The shift marks a minor victory for Stringer. After more than three years at the helm, Stringer finally appears to be breaking the company's addiction to manufacturing, and to be channeling ever more resources into developing and designing products that users crave. To show he now really means business, the Welsh-born American CEO has said he will close five or six of the company's 57 plants globally and slash the company's budget for factories and chipmaking equipment by a third over the next fiscal year, ending March 2010. "There is no aspect of Sony that isn't being examined right now," Stringer told journalists in Tokyo last week. "We have to move very, very quickly and control our costs."

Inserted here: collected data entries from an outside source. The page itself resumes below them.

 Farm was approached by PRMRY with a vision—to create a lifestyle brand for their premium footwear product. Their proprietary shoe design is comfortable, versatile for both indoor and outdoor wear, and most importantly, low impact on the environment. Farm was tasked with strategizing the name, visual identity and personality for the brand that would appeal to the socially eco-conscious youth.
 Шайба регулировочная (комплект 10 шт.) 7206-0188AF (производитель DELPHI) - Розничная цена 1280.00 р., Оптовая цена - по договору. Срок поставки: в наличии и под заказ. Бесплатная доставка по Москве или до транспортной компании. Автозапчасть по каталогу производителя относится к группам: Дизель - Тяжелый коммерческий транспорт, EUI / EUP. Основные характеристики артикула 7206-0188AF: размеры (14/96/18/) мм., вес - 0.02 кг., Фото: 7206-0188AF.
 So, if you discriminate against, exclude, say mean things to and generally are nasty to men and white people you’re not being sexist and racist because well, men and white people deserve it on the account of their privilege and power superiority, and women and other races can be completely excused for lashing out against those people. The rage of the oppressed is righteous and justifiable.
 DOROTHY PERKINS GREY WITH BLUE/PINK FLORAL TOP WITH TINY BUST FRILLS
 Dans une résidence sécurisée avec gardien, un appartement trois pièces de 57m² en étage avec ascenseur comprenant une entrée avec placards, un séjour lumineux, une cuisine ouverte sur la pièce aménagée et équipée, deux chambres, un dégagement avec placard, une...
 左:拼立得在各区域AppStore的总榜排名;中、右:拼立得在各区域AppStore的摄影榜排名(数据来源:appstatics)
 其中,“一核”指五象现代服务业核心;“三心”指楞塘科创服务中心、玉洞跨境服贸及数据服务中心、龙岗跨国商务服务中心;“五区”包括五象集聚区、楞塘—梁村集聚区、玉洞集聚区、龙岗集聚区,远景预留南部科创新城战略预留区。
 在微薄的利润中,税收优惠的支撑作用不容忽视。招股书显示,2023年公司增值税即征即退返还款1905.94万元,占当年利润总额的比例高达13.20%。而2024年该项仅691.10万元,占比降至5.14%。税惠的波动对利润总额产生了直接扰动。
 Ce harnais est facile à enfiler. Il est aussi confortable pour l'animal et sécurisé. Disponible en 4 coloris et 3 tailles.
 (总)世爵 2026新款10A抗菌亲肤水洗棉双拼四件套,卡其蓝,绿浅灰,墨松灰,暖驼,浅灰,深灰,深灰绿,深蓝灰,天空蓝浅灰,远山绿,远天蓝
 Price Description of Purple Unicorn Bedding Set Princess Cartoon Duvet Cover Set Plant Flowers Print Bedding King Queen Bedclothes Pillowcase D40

Sony will spend the next couple of months drawing up a detailed plan. But Stringer appears to have made up his mind about outsourcing one product: TVs. The TV division accounts for 10% of Sony's overall sales but hasn't made a profit since it launched the Bravia brand of flat-panel TVs in 2005. By the March 2008 fiscal yearend, the division's three-year losses had reached $2.3 billion. Goldman Sachs (GS) predicts the division could bleed another $1.1 billion this year.

An In-House Tradition

The shift toward outsourcing is the clearest sign yet that Stringer wants Sony to act more like Apple (AAPL) or Cisco (CSCO). They consistently earn fatter profit margins by designing their own products and leaving manufacturing to others, and have made serious inroads into portable music players and home entertainment systems, where Sony was once king. In contrast, Sony, like many Japanese tech manufacturers, still makes many of its own products in-house, a process known as vertical integration, which "tends to lead to higher overall costs because you need extra layers of management to coordinate all the activities," says Robert Kennedy, a professor at the University of Michigan's Ross School of Business and author of The Services Shift.

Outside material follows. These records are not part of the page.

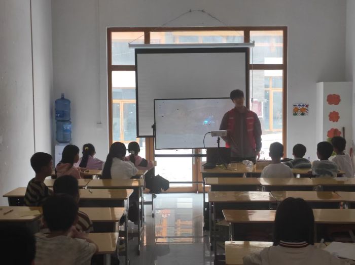 上午,“七彩假期”系列專題課之“美麗家園我行動”開課。支教隊員林芷妍站在講臺上,望著臺下眼神明亮的孩子們,以“我們身邊有哪些自然朋友?又有哪些環境小麻煩?”的提問拉開序幕。話音剛落,孩子們的小手便如雨后春筍般舉起,“有河流、森林!”“塑料袋會污染土地!”稚嫩的聲音此起彼伏,瞬間點燃課堂氛圍。隨后,一段5分鐘的動畫視頻生動演示了廢紙如何變成再生紙、廢塑料如何化身花盆,孩子們瞪大眼睛,不時發出“原來垃圾還能變寶貝”的驚嘆。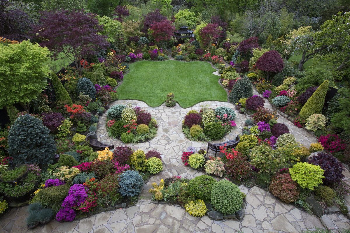 Сад разделен на верхнюю, среднюю и нижнюю зоны. Верхний участок украшен аккуратным газоном и кустарниковыми миксбордерами. Далее расположен средний и нижний уровни, где можно найти экзотические растения, ручьи и восточные элементы декора. Такой подход к дизайну создает захватывающие визуальные эффекты и впечатляющие композиции.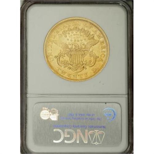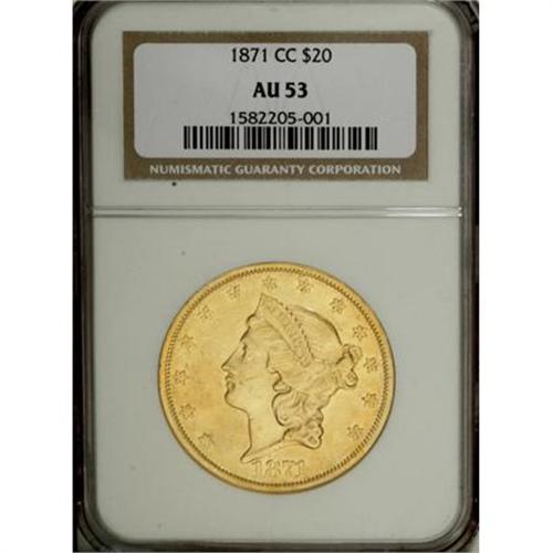 <B>1871-CC $20 AU53 NGC.</B></I> Numismatists would be fascinated to know that the combined mintage of all double eagles struck at the Carson City Mint is only 864,128 coins. That is less than one million coins out of a production of 19 different issues between the years of 1870 and 1893. When considering the wholesale meltings during the 1930s, widespread circulation of most CC issues and other causes of attrition, it's no wonder that certain dates are so difficult for collectors to locate. Of the 19 issues, the 1871-CC is considered the second rarest by Carson City gold experts, with approximately 200 coins extant in all grades. The <I>Guide Book of Double Eagle Gold Coins</B></I> by Dave Bowers suggests that 21 pieces exist at the AU53 level. The NGC <I>Census Report </B></I>and the PCGS <I>Population Report </B></I>put the number slightly higher, but one must consider how the reports can become skewed through the phenomenon of resubmissions. Perhaps Doug Winter, in his <I>Gold Coins of the Carson City Mint</B></I> (2001), sums it up best when he wrote: "The 1871-CC is the second rarest Carson City double eagle. When available, the typical piece grades Very Fine to Extremely Fine. This is a very scarce date in About Uncirculated and most of the pieces known in this grade range are no better than About Uncirculated-50. The 1871-CC becomes rare in About Uncirculated-55 and it is very rare in About Uncirculated-58. This is an extremely rare coin in Uncirculated with just two or three pieces currently known." Bowers (2006) estimates the number of Uncirculated '71-CC dollars in existence to be no more than six. This fact leaves most collectors more than content with the acquisition of a respectable AU53 example.<BR> Attractive green-gold coloration and a solid strike, for the issue, are the highlights of this coin. The mildly abraded surfaces display a semiprooflikeness and are what one would expect to see on an 1871-CC twenty. For most collectors, this is as good as it gets.<BR><BR><B>Coin Engraver:</B> James B. Longacre<BR><BR><b>Shipping:</b> Coins & Currency (<a target="_blank" href="http://www.heritageauctions.com/common/shipping.php">view shipping information</a>)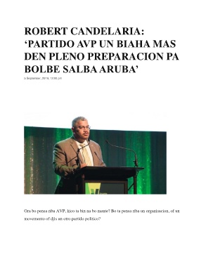 ROBERT CANDELARIA: ‘PARTIDO AVP UN BIAHA MAS DEN PLENO PREPARACION PA BOLBE SALBA ARUBA’ 5 September, 2019, 12:00 pm Ora bo pensa riba AVP, kico ta bin na bo mente? Bo ta pensa riba un organisacion, of un movemento of djis un otro partido politico?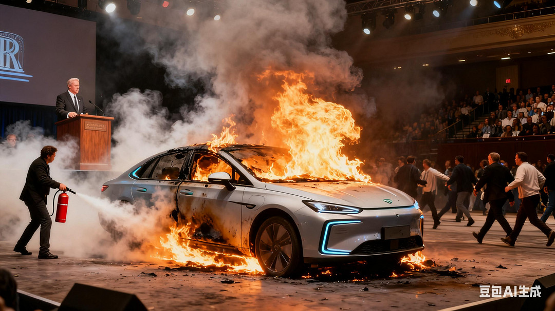 燃油車是一個慢吞吞的火苗,而電車著了,就像這理想Mega,很突然,就幾秒鐘,火勢也異??裨?,畫面更有沖擊感,也更讓人心驚膽跳,想不讓人關(guān)注都難。

Sony's domestic factories account for half of overall sales. They provided a boost to earnings while the yen was weak and overseas demand strong. But recently, when the yen surged and the global economy faltered, Sony found itself badly exposed. The sudden reversal was partly to blame for Sony's grim earnings forecast this fiscal year—an expected $2.9 billion operating loss, its first in 14 years.

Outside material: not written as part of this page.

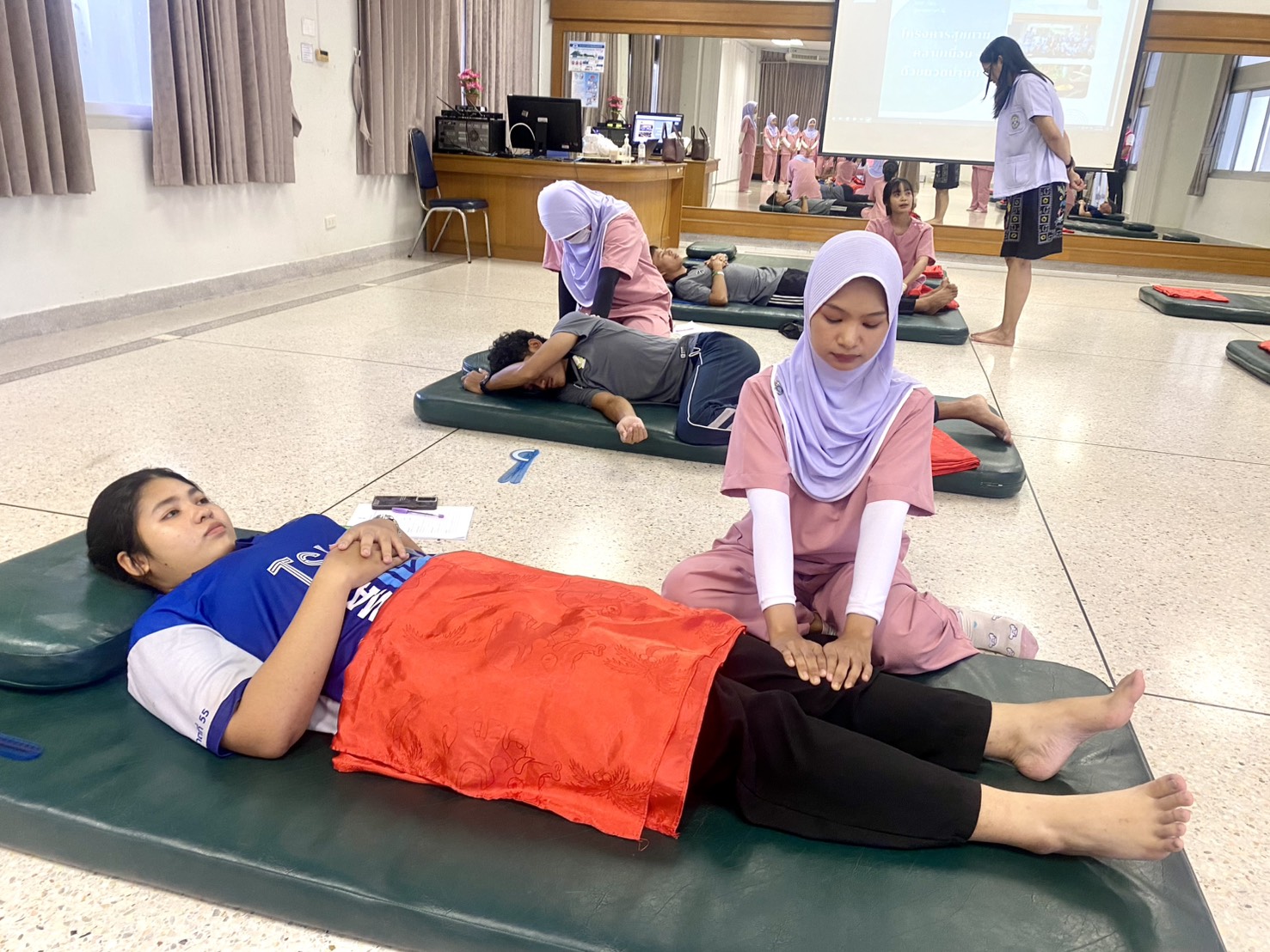 นิสิตหลักสูตรการแพทย์แผนไทยบัณฑิต คณะวิทยาการสุขภาพและการกีฬา มหาวิทยาลัยทักษิณ วิทยาเขตพัทลุง ฝึกทักษะวิชาชีพ จัดการบริการนวดรักษาฟรีแก่บุคลากร และประชาชนทั่วไปที่มีอาการทางระบบกล้ามเนื้อ ภายใต้การดูแลของคณาจารย์ผู้เชี่ยวชาญ สร้างทั้งประโยชน์ต่อสังคมและประสบการณ์ตรงก่อนออกสู่การทำงานจริง

Before the global financial crisis wiped out consumer spending, Sony seemed confident the TV unit would soon be profitable. The company's LCD-TV sales had risen over the past three years, from a little over 1 million units to as many as 15 million expected this fiscal year. Last year, Sony was second in global LCD-TV sales, behind Korea's Samsung Electronics.

But the TV unit's problems are now confounding Stringer's efforts to fix what ails Japan's best-known tech brand. Sony officials say they are rushing to centralize TV development and design and consolidate production in Japan after closing one of two domestic plants.